Shana S. Decree, 45, and her 19-year-old daughter Dominique K. Decree are accused in Bucks County of killing their relatives, including three children, at their apartment in Morrisville, Pennsylvania north of Philadelphia.

The victims were Shana Decree’s other two children, 25-year-old Naa’lrah Smith and 13-year-old Damon, her sister, 42-year-old Jamilla Campbell, and Campbell’s 9-year-old twin daughters, Imani and Erika Allen, authorities said. All seven lived together in the same apartment.

Shana Decree told detectives the whole family “wanted to die,” according to a probable cause affidavit. But authorities said they are “no closer to understanding” the motive or the chain of events that led to the killings.

The women both have been charged with five counts of homicide and one count of conspiracy, the Bucks County District Attorney’s Office said.

Related: Cramped Pennsylvania apartment hid broken glass, overturned furniture and 5 dead family members

Weeks of concern

There was broken glass and clutter throughout the apartment when police arrived.

“This been going on for the past month,” Decree Sr. told WTVD. “I mean we been calling children’s services, calling the police.”

A social worker was conducting a surprise visit on Monday when the family was found, according to the affidavit. No one answered the door, so the social worker asked the building’s maintenance crew to check the apartment. Less than 20 minutes later, a maintenance worker called 911. The apartment was in disarray, with the five bodies discovered in one bedroom, the affidavit states. Shana and Dominique Decree were found “disoriented” and taken to a hospital, the document states.

A caseworker with the Bucks County Children and Youth Social Services Agency had visited the family’s apartment at least one previous time, according to the affidavit.

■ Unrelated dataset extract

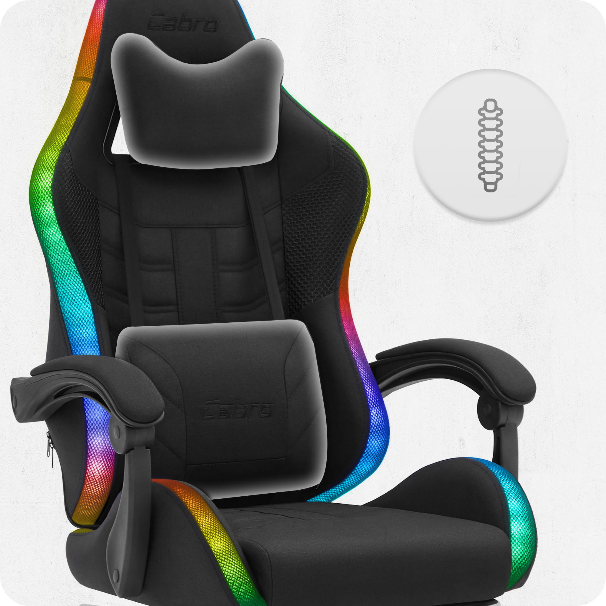 Ігрове геймерське комп’ютерне крісло Cabro C501 світлодіодне чорне-тканина

“We’ve been calling and checking and doing everything we needed to do,” Decree Sr. told WTVD. “Every time they went, from my perspective at least, they said the kids were safe and it’s nothing we could do.”

Mother and daughter admit to killings

Initially, Shana and Dominique Decree told investigators that three men carried out the killings, according to the affidavit.

But their story changed, and later both women said that they and Shana’s sister, Campbell, had killed their family members.

“Shana advised that all, including the children, were talking about suicide,” the affidavit says.

In separate interviews with police, the women said they choked the others to death, the affidavit says. Dominique Decree’s neck had visible injuries, police observed.

The cause and manner of the victims’ deaths won’t be available for several weeks as the coroner waits for toxicology results, authorities said.

Decree Sr. is now grieving the loss of his son, allegedly at the hands of his wife and daughter.

“I don’t want them in no insane asylum,” he told WTVD. “I want to see them in jail for the rest of their life.”

Speaking to reporters on Tuesday, Bucks County District Attorney Matthew Weintraub said Shana and Dominique Decree would “be made to pay for their crimes.”

“We’ll do our best to bring justice to those girls and the other three victims,” he said.

It was not immediately clear whether the Decrees have been assigned an attorney.